Single-color hybridization microarray experiments for miRome were performed with 100 ng total RNA/sample labeled with Cyanine(Cy)-3 dye using the microRNA Complete Labeling System & Hyb Kit (Agilent Technologies). Cy3-labeled RNA was hybridized to the Human microRNA microarray Version 3 from the Sanger database v12.0 (Agilent Technologies).
GEP was performed using the Whole Human Genome (4x44K) oligo microarray platform (Agilent Technologies) as previously described [28, 29]. Microarray slides were analyzed with an Agilent Microarray Scanner (Agilent Technologies).
The hybridization signal values for the multiple probes were obtained with the use of Agilent Feature Extraction Software 10.7.3 (Agilent Technologies). Microarray data are available in Gene Expression Omnibus (GEO; http://www.ncbi.nlm.nih.gov/geo/) under accession number GSE52776.
Bioinformatics analyses were performed using GeneSpringGX 11.5 (Agilent Technologies). Results were visualized by hierarchical clustering applying Ward’s method with Euclidean distance.
The specific targets for miR-132 targets were identified by taking advantage of the following five datasets for putative microRNA targets: i) GSEA (http://www.broadinstitute.org/gsea/msigdb/cards/GACTGTT,MIR-212,MIR-132.html); ii) microRNA (http://www.microrna.org/microrna/home.do); iii) miRDB (http://mirdb.org/miRDB/index.html); iv) Targetscan (http://www.targetscan.org/vert_50/); v) DIANA ( ). In particular, among 959 putative miR-132 target genes overall comprised in the above quoted five datasets (Table S5), we selected those shared by at least three out of five datasets; this resulted in the identification of 167 putative miR-132 target genes that were up-loaded to the Gene Set Enrichment Analysis (GSEA) software , for subsequent analyses (Table S5). Further details are provided in Supplementary Information.
Quantitative-real-time polymerase chain reactions (qRT-PCR)
Expression of selected microRNAs and of the control RNU6B was assessed using a standard TaqMan MicroRNA assay kit (Life Technologies) according to the manufacturer’s instructions and as previously described [28, 29]. Briefly, microRNA was reverse transcribed to cDNA using gene-specific primers and the relative amount of each microRNA was computed using the equation 2-ΔCt, where ΔCt = (Ct microRNA – Ct RNUB6).

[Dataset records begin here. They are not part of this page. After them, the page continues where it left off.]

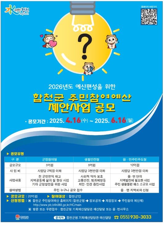 [경남도민뉴스=김춘호 기자] 합천군(군수 김윤철)은 2026년도 예산편성을 위한 주민참여예산 제안사업 공모를 6월 16일 까지 실시 한다고 밝혔다.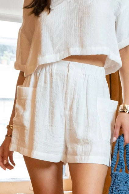 Indulge in ultimate comfort and style with our Woven Shorts. Crafted from a luxurious crinkle knit fabric, these shorts are both light weight and lined for added elegance. The elastic waistband and side pockets offer convenience without compromising sophistication. Upgrade your wardrobe with these must-have shorts.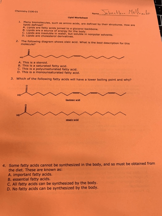 Lipid Worksheets Answers

Cells from the CLL-like cell line MEC1 (0.5-1 × 105 cells per well) were seeded in 96-well plates. After 24 hours, 100 ng pMIRTarget vector containing the 3′-UTR of SIRT1 (OriGene Technologies, Rockville, MD), 10 ng Renilla vector (Promega Corporation, Madison, WI), and 100 ng pre-miR-132 or 100 ng scrambled control oligonucleotides (Life Technologies) were transfected using Fugene HD transfection reagent (Promega Corporation) according to the manufacturer’s instructions. Luciferase assays were performed using the dual-luciferase assay system (Promega Corporation) 20-22 hours after transfection.

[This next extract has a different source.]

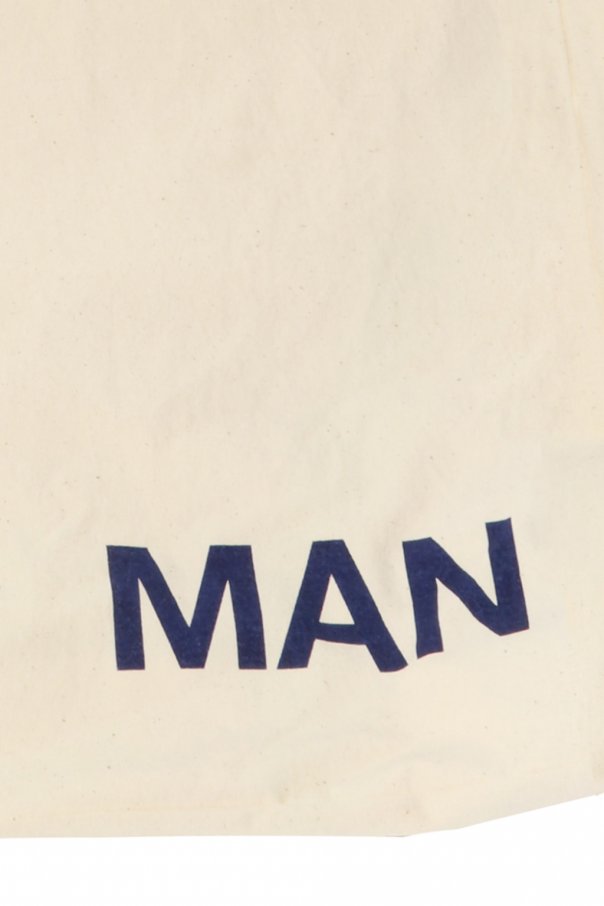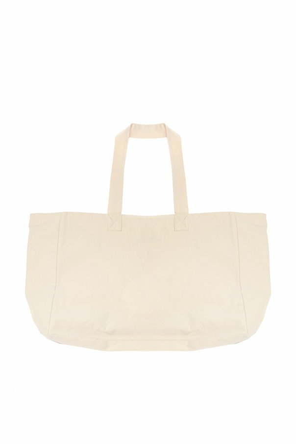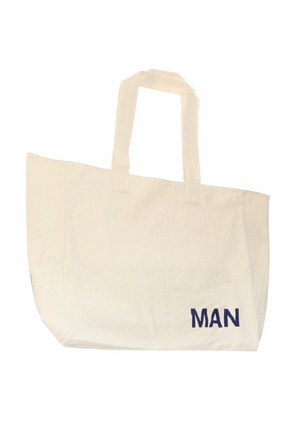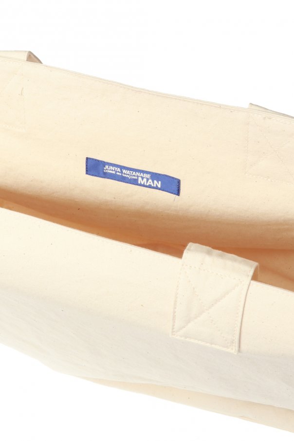 Cream tote bag from Comme des Garcons Junya Watanabe. Made of cotton. Navy print on the front. Two half-round handles.

Three micrograms of microRNA precursor for miR-132 (Ambion, TX) were transfected into 5 × 106 CLL-like cell line EHEB cells with the Amaxa Nucleofector system (Lonza Cologne GmbH, Germany) according to manufacturer’s guidelines. As negative control, cells were transfected with equal amounts of pre-miR-negative control#1 (Ambion).
Total proteins were extracted from EHEB or CLL cells collected 20 hours after transfection or co-stimulation with immobilized anti-IgM, loaded and run in NuPAGE Novex 4-12% Bis-Tris gels (Life Technologies) prior to transfer to nitrocellulose membranes (GE Healtcare, UK) for Western Blot analysis and detection by ECL (GE Healtcare) or Immobilon (Millipore Corporation, MA). Rabbit-anti-SIRT1 (C14H4) (Cell Signaling Technology, Danvers, MA), Rabbit-anti-acetyl-p53 (Lys382) (Cell Signaling Technology) antibodies (final dilution 1:1000) were used for protein detection. Anti-beta Actin antibody (AC-15) (HRP) (Abcam, UK) was used for loading control (final dilution 1:100.000). Densitometric quantitation of western blots was determined with the Quantity One 4.1.0 software (Bio-Rad).

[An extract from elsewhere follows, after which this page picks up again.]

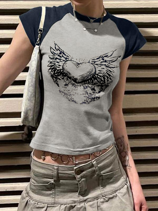 Y2K Wings Print Contrast Raglan Slim Short Sleeve Tee

MicroRNA-transfected EHEB cells were cultured in RPMI-1640 for 7 days. The percentage of apoptotic cells was determined by AnnexinV and 7-amino-actinomycin-D (7-AAD) (Becton-Dickinson, San Jose, CA) staining. Data were acquired on a FACS Canto flow cytometer and analysed by the FACS Diva software (Becton-Dickinson).
Clinical correlations, performed with the MedCalc v9.5 software, were made using Kaplan-Meier plots and log-rank test; TTT was chosen as clinical endpoint. The Cox proportional hazard regression model was used to assess the independent effect of co-variables, treated as dichotomous on TTT, with a stepwise procedure for selecting significant variables.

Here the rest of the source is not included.